Говоря это, я осторожно глянула из-под ресниц на Джона. Вид у него был насмешливый. Не было сомнений, да я, собственно, и раньше об этом догадывалась, что деньги семейства МакЭндрю позволили ему купить все тайны наших юристов и купцов. Только Джон, единственный из них троих, знал, что за одно лето нам ни за что не выплатить все свои долги. Минимум четыре или пять удачных лет подряд – вот тогда, может быть, что-то и получилось бы. Да только разве бывает пять лет подряд хорошая погода, особенно если от этого зависит твое выживание? В какой-то степени выплата долгов Широкого Дола напоминала бег на месте – как бывает в страшном сне, когда ты бежишь изо всех сил и не можешь убежать от неумолимо приближающейся к тебе угрозы.
– Прекрасно! – воскликнул Гарри, искренне обрадованный моим заявлением. – Но еще больше я рад тому, что ты снова на ногах и уже включилась в работу. Знаешь, Беатрис, мне бы хотелось, чтобы именно ты на следующей неделе провезла по пшеничным полям этого лондонского торговца зерном.
Я предостерегающе нахмурилась, но было уже поздно: Гарри все испортил.
– Лондонского торговца зерном? – быстро переспросил Джон. – А что ему здесь понадобилось? Я думал, вы свой урожай перекупщикам не продаете.
– Не продаем, – тут же сказала я. – Никогда раньше не продавали. Но этот мистер Гилби написал нам, что находится неподалеку и хотел бы взглянуть на наши поля, чтобы получить общее впечатление от того, какого качества пшеница в Сассексе.
Гарри открыл было рот, чтобы возразить мне, но я так на него глянула, что он тут же снова его закрыл. Впрочем, Джону и этого было достаточно. Он посмотрел на Селию – без слов, но с таким выражением, что лучше бы он прямо в лицо назвал меня лгуньей.
– Мне кажется, Гарри, – тихо, словно пробуя почву, сказала Селия, – было бы лучше, если бы вы с ним не встречались. Ведь если он предложит уж очень хорошую цену, ты не сможешь удержаться от соблазна, хотя ты сам всегда говорил, что выращенная здесь пшеница должна быть здесь же и продана, и смолота.
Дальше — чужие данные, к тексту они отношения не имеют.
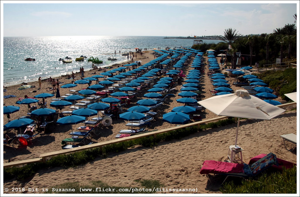 Sunbeds line the shoreline like sentinels of comfort, inviting visitors to recline and bask in the glorious Mediterranean sunshine while indulging in uninterrupted moments of bliss. Umbrellas provide respite from the sun's rays, casting cool shadows upon the warm sand beneath them.
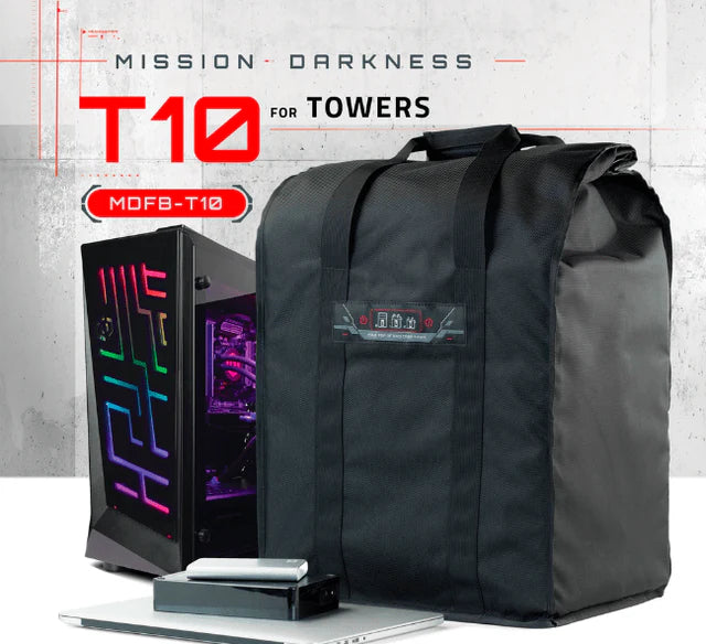 You'll love the fact our EMP shields include a double roll with Velcro closure, unique serial number, and transparent branding pocket. The bag is designed to shield computer towers and similarly-sized devices, such as printers, gaming systems, or DVR boxes. Most faraday bags are simply too small, but the T10 offers ample room to fit even the largest of desktop setups, as well as accessories. It collapses and folds into a small size when not in use, allowing it to be packed in a briefcase or backpack.
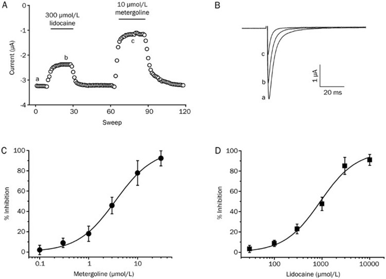Figure 2. Tonic inhibition of Nav1.2 channel currents by metergoline and lidocaine. (A) The peak inward current amplitudes (○) elicited by 200-ms depolarizations to −10 mV from a holding potential of −100 mV, evoked every 5 s. Data were obtained in eight separate oocytes from three different frogs. Metergoline (10 μmol/L) or lidocaine (300 μmol/L) were applied during the period indicated by the solid bars. (B) Averaged traces of Nav1.2 channel currents taken at the time “a”, “b”, and “c” in (A). (C and D) Concentration-response curves of metergoline or lidocaine-mediated inhibition of the peak currents of the Nav1.2 channel. Metergoline inhibited the large inward peak currents of the Nav1.2 channel in a concentration-dependent manner. The solid lines were fit using the Hill equation, as described in the Materials and methods section. The data represent the mean±SEM (n=12–15/group).
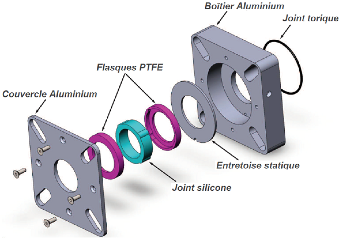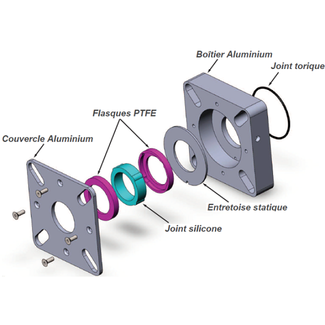 Les flasques en PTFE compressent le joint, et assurent l'étanchéité entre le boîtier et le système d'étanchéité.
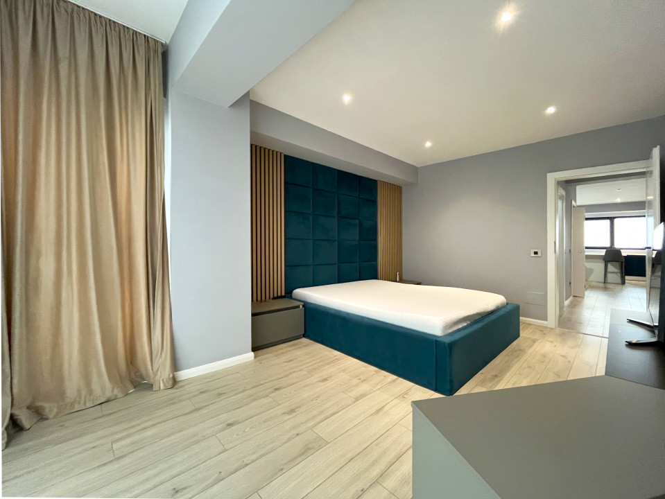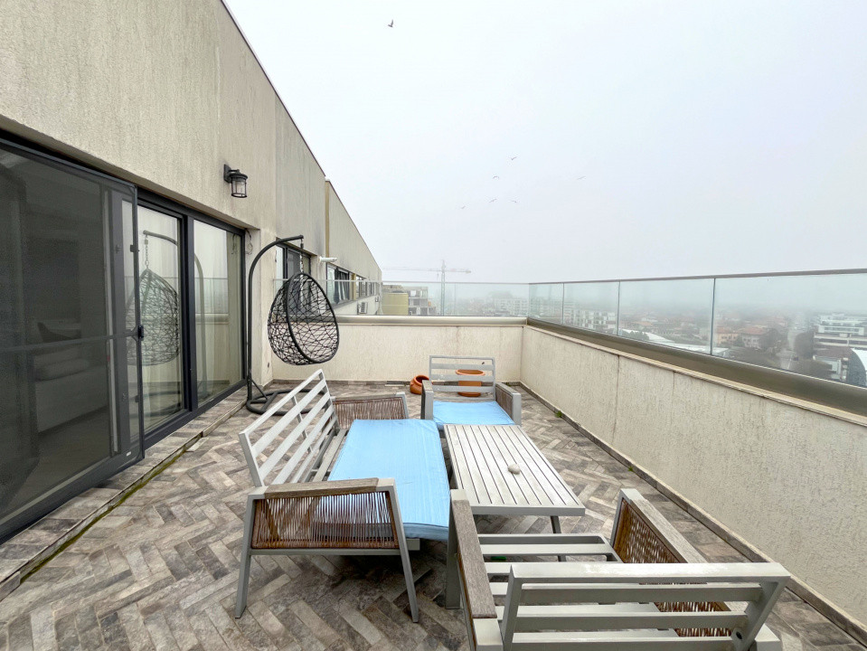 Balconul de 5,11 mp completează foarte bine dormitorul, iar terasa de 20 mp devine un loc unde poți respira după o zi încărcată, fie cu o cafea dimineața, fie cu un apus liniștit seara.
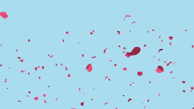 festive background with many nice hearts made of pink paper flying up slowly on blue
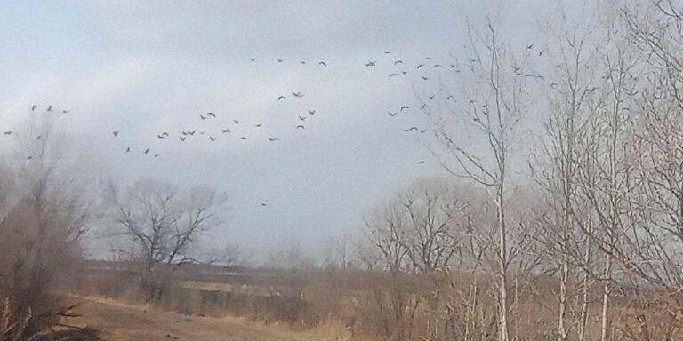 Стаю журавлей обнаружили в Константиновском районе. На кадрах видно, как в небо поднялось большое облако из птиц.
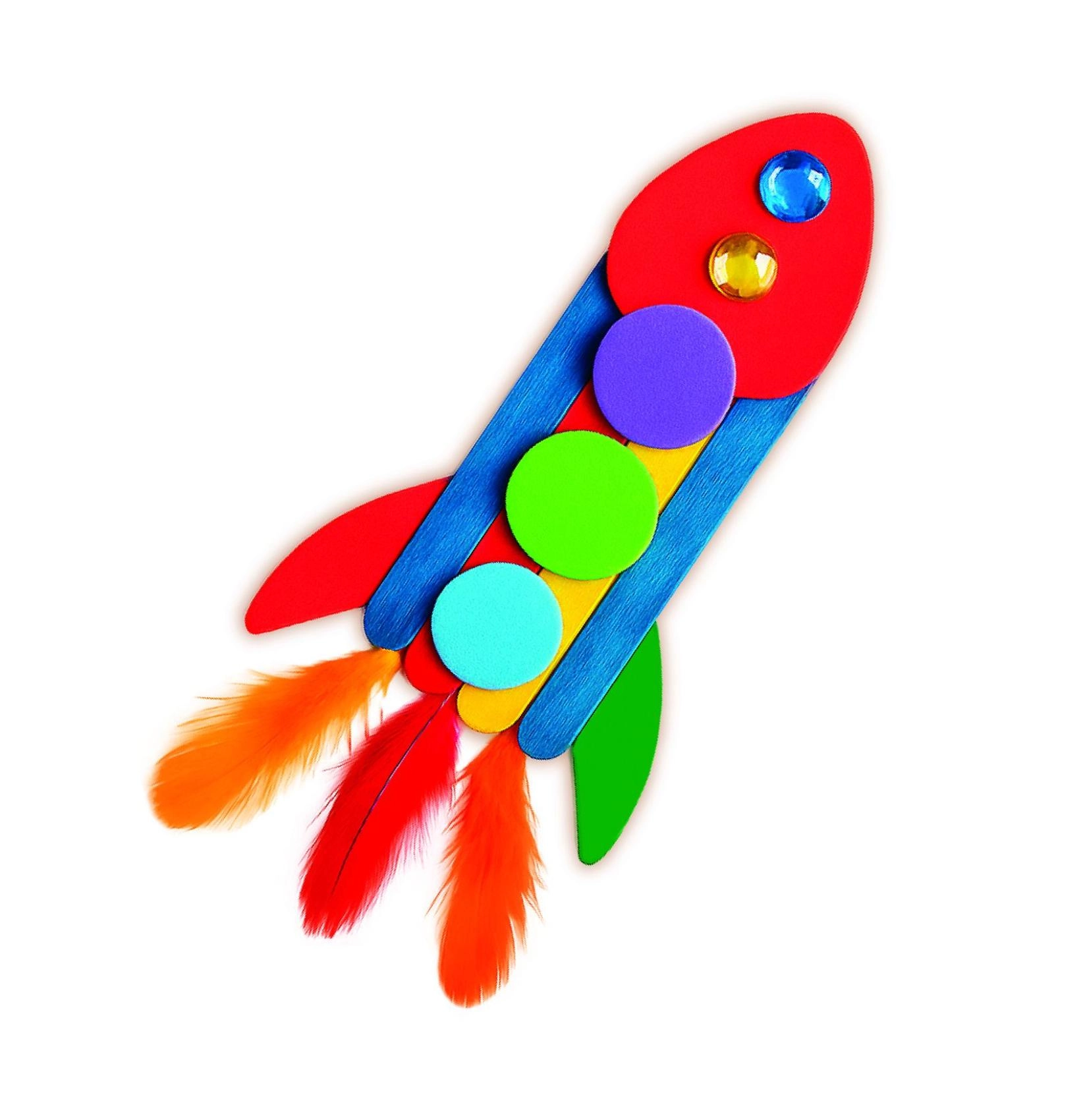 Vaikai gali susikurti savo raketą ir kitus teminius kūrinius. Formų ir puošmenų deriniai skatina kūrybišką žaidimą ir kūrimą žingsnis po žingsnio.
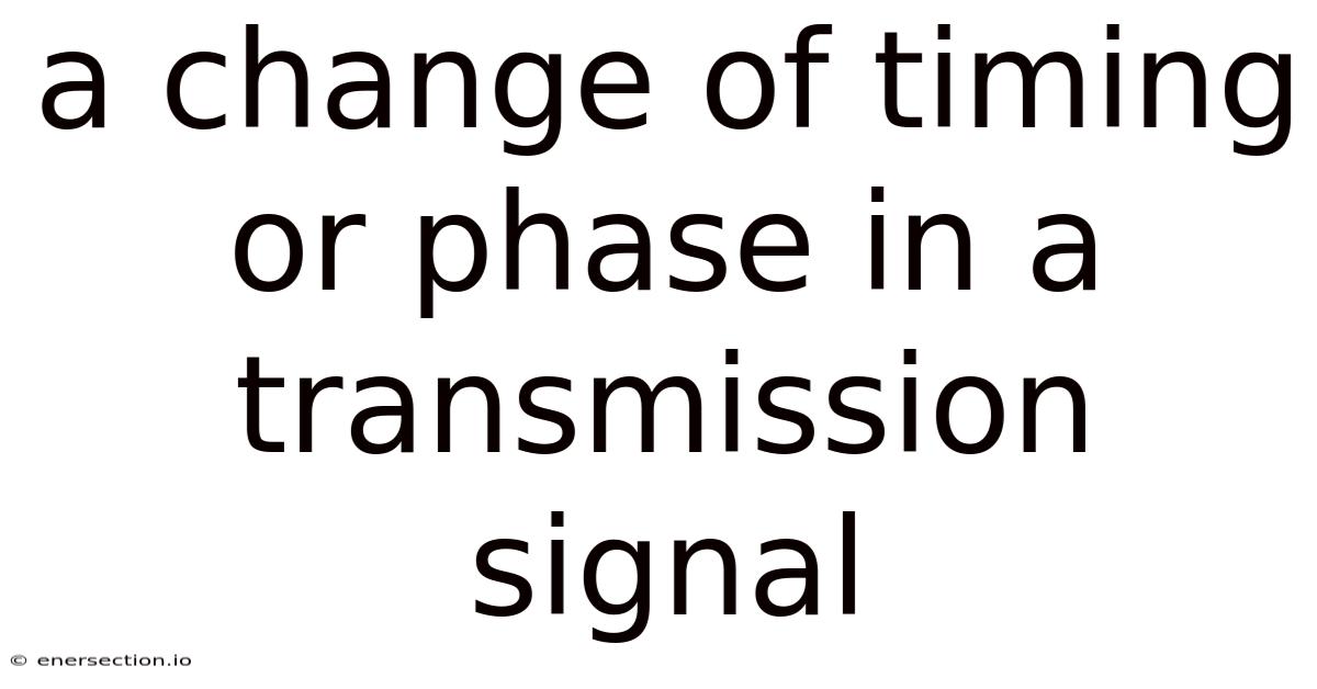 In modern communication systems, timing and phase are two fundamental attributes of any transmitted signal. Worth adding: whether the medium is copper, fiber‑optic, wireless, or satellite, engineers must detect, compensate, and sometimes deliberately introduce timing or phase variations to meet system requirements. A change of timing (often called a timing offset or jitter) and a phase shift can dramatically affect the integrity, synchronization, and overall performance of a transmission link. This article explores the nature of timing and phase changes, their causes, how they are measured, and the techniques used to mitigate or exploit them in practical transmission scenarios The details matter here. But it adds up..

– Я знаю, дорогая, – нетерпеливо возразил Гарри, – но нужно идти в ногу со временем! Сейчас в Широком Доле хозяйство ведется так же, как и повсюду, так что старые идеи насчет продажи на местном рынке дешевого зерна для бедных в деловом отношении вряд ли имеют смысл.
– И потом, вряд ли эта тема подходит для разговора в гостиной, – аккуратно вставила я. – Селия, можно мне еще чаю? Погода такая теплая, что мне все время хочется пить. И, кстати, нет ли там печенья с сахарной глазурью?
Селия стала наливать мне чай, но по ее лицу было видно, что свою главную мысль она еще не высказала. Джон стоял у камина, внимательно глядя то на Гарри, то на меня. В его взгляде было сдержанное любопытство, словно мы представляли собой некие интересные образчики для его медицинских исследований, хоть и были, с его точки зрения, весьма неприятными представителями низшей ступени животного мира.
– Значит, зерно вы ему продавать не будете? – спокойно спросил он, прекрасно зная, что мы вынуждены это сделать. Мне просто необходимо было продать зерно – причем любому, кто предложит наивысшую цену. Я должна была, наконец, хоть немного расчистить эту груду долгов.
– Нет, – твердо ответила я. – Или, в крайнем случае, мы продадим лишь самую малую часть урожая. Скажем, ту пшеницу, что будет выращена на новых полях; ее, так или иначе, в прошлом году на рынке не было. Против этого ведь не может быть возражений, не так ли? Было бы просто безумием наводнить рынок Мидхёрста зерном и тем самым в итоге сбить на него цену.
– Вот как? – с преувеличенным интересом сказал Джон. – А я-то думал, что после такой зимы, которую пришлось пережить беднякам, вы будете рады дать им возможность этим летом купить дешевое зерно.
– О да! – воскликнула Селия. – Пожалуйста, сделайте так! Если урожай будет хороший, то пусть его излишки пойдут в пользу бедных! Гарри! Беатрис! Джон правильно говорит: в деревне с таким трудом пережили эту зиму. Но я уверена, что всего один хороший урожай – и наша деревня снова оживет, и люди там повеселеют.
Я молча пила чай. В конце концов, Селия – жена Гарри, а Гарри клялся мне, что не потерпит, чтобы в наши дела вмешивались такие плохо осведомленные и сентиментальные люди, как она. Гарри смущенно пошаркал ногами и посмотрел на меня в поисках поддержки. Я тоже посмотрела на него в упор своими зелеными глазами, не мигая, как кошка; этим взглядом я требовала, чтобы он немедленно прекратил столь несвоевременные проявления христианского милосердия со стороны Селии.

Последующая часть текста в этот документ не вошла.